Back in January of this year we wrote a post titled The Fed Will Buy All Treasury Bonds in Existence if Necessary.  The aim of that post was to settle an argument over whether the Fed would actually follow through with its threat at the time to buy long dated treasury bonds.  We argued that Ben Bernanke gave a speech in 2002 that covered the topic, and he explicitly stated that he believed the Fed could control both short and long term interest rate by outright purchasing treasury bonds.  Sure enough, on March 28, 2009, the Fed announced its program to buy $300 billion in treasury bonds over the coming months.  Since that time, the Fed has become the largest purchaser of treasury and agency debt in the world.  We still aren't quite sure why so many were unwilling to believe that the Fed would do this.

Moving on, in August, President Obama nominated Bernanke for a second term as Fed Chairman.  The word used over and over to describe Bernanke was "creative."  See the following quotes...
How creative has Bernanke been really?  After reading John Maynard Keynes, it becomes obvious that at least one of Bernanke's so called creative ideas should properly be credited to Keynes.

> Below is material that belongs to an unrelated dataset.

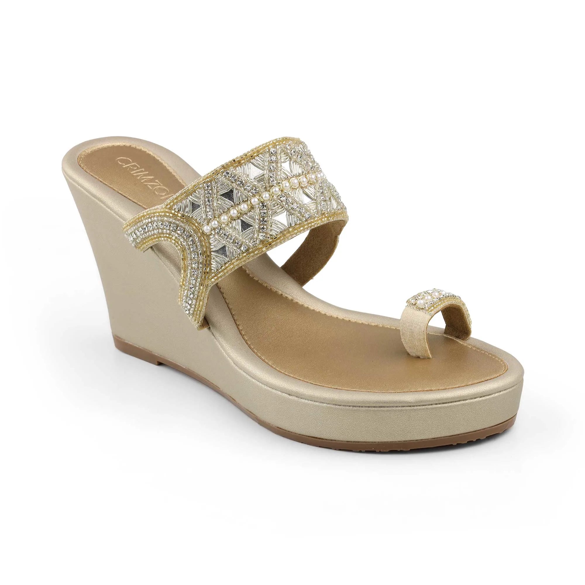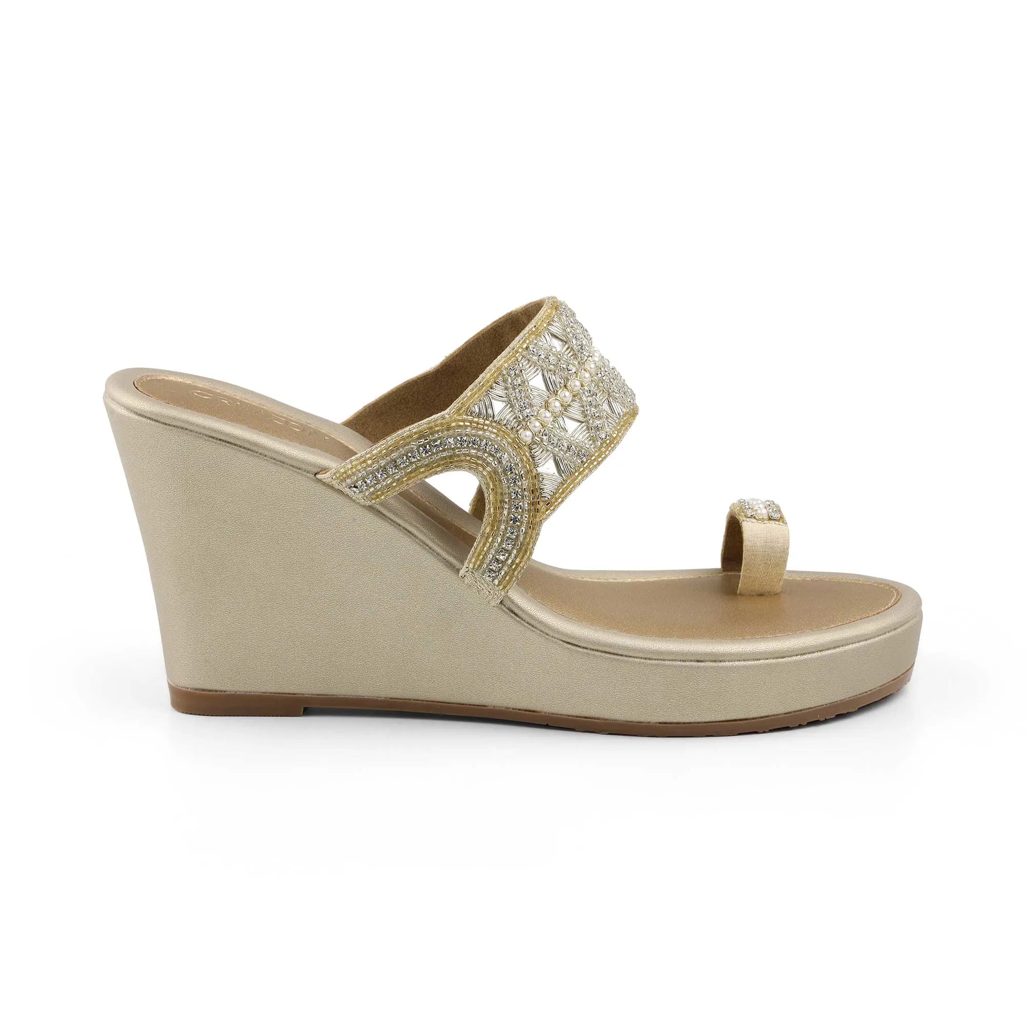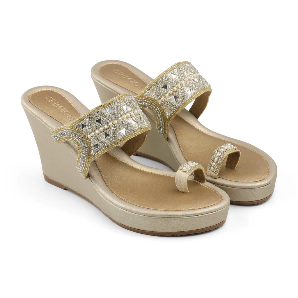 Step into festive sophistication with Myra. Handcrafted in a radiant champagne hue, these wedges feature intricate mirror and pearl embellishments that capture light beautifully with every step. Designed with a soft cushioned footbed and elevated wedge heel, Myra blends comfort and glamour effortlessly, perfect for celebrations, soirées, and everything in between.

First, let's examine briefly what Bernanke said in his now famous 2002 speech:



So what then might the Fed do if its target interest rate, the overnight federal funds rate, fell to zero?

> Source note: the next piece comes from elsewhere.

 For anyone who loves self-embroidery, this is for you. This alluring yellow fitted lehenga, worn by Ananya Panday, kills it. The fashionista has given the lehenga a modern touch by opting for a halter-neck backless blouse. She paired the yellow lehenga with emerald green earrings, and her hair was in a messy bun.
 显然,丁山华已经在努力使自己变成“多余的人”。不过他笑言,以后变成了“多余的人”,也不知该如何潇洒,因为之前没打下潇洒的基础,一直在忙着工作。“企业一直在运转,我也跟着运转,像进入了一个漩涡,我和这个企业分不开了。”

One relatively straightforward extension of current procedures would be to try to stimulate spending by lowering rates further out along the Treasury term structure--that is, rates on government bonds of longer maturities.

[One direct method] would be for the Fed to begin announcing explicit ceilings for yields on longer-maturity Treasury debt (say, bonds maturing within the next two years).

The Fed could enforce these interest-rate ceilings by committing to make unlimited purchases of securities up to two years from maturity at prices consistent with the targeted yields.

If this program were successful, not only would yields on medium-term Treasury securities fall, but (because of links operating through expectations of future interest rates) yields on longer-term public and private debt (such as mortgages) would likely fall as well.

Lower rates over the maturity spectrum of public and private securities should strengthen aggregate demand in the usual ways and thus help to end deflation. Of course, if operating in relatively short-dated Treasury debt proved insufficient, the Fed could also attempt to cap yields of Treasury securities at still longer maturities, say three to six years. Yet another option would be for the Fed to use its existing authority to operate in the markets for agency debt (for example, mortgage-backed securities issued by Ginnie Mae, the Government National Mortgage Association).




Bernanke held true to his words from 2002 and enacted these very programs in 2009.

John Maynard Keynes wrote similar thoughts all the way back in 1933, in his famous work The General Theory of Employment, Interest and Money:



Chapter 15, Section III
Perhaps a complex offer by the central bank to buy and sell at stated prices gilt-edged bonds [English government bonds] of all maturities, in place of the single bank rate for short-term bills, is the most important practical improvement which can be made in the technique of monetary management.

The monetary authority often tends in practice to concentrate upon short-term debts and to leave the price of long-term debts to be influenced by belated and imperfect reactions from the price of short-term debts; — though here again there is no reason why they need do so.

There is the possibility, for the reasons discussed above, that, after the rate of interest has fallen to a certain level, liquidity-preference may become virtually absolute in the sense that almost everyone prefers cash to holding a debt which yields so low a rate of interest. In this event the monetary authority would have lost effective control over the rate of interest. But whilst this limiting case might become practically important in future, I know of no example of it hitherto. Indeed, owing to the unwillingness of most monetary authorities to deal boldly in debts of long term, there has not been much opportunity for a test. Moreover, if such a situation were to arise, it would mean that the public authority itself could borrow through the banking system on an unlimited scale at a nominal rate of interest.




I am sure Keynes would be thrilled to know that a test of his ideas would eventually be enacted, with us modern day folks being the guinea pigs of this experiment.  It only seems appropriate to describe the current situation we are faced with by using a quote from Keynes himself:

Practical men, who believe themselves to be quite exempt from any intellectual influences, are usually the slaves of some defunct economist.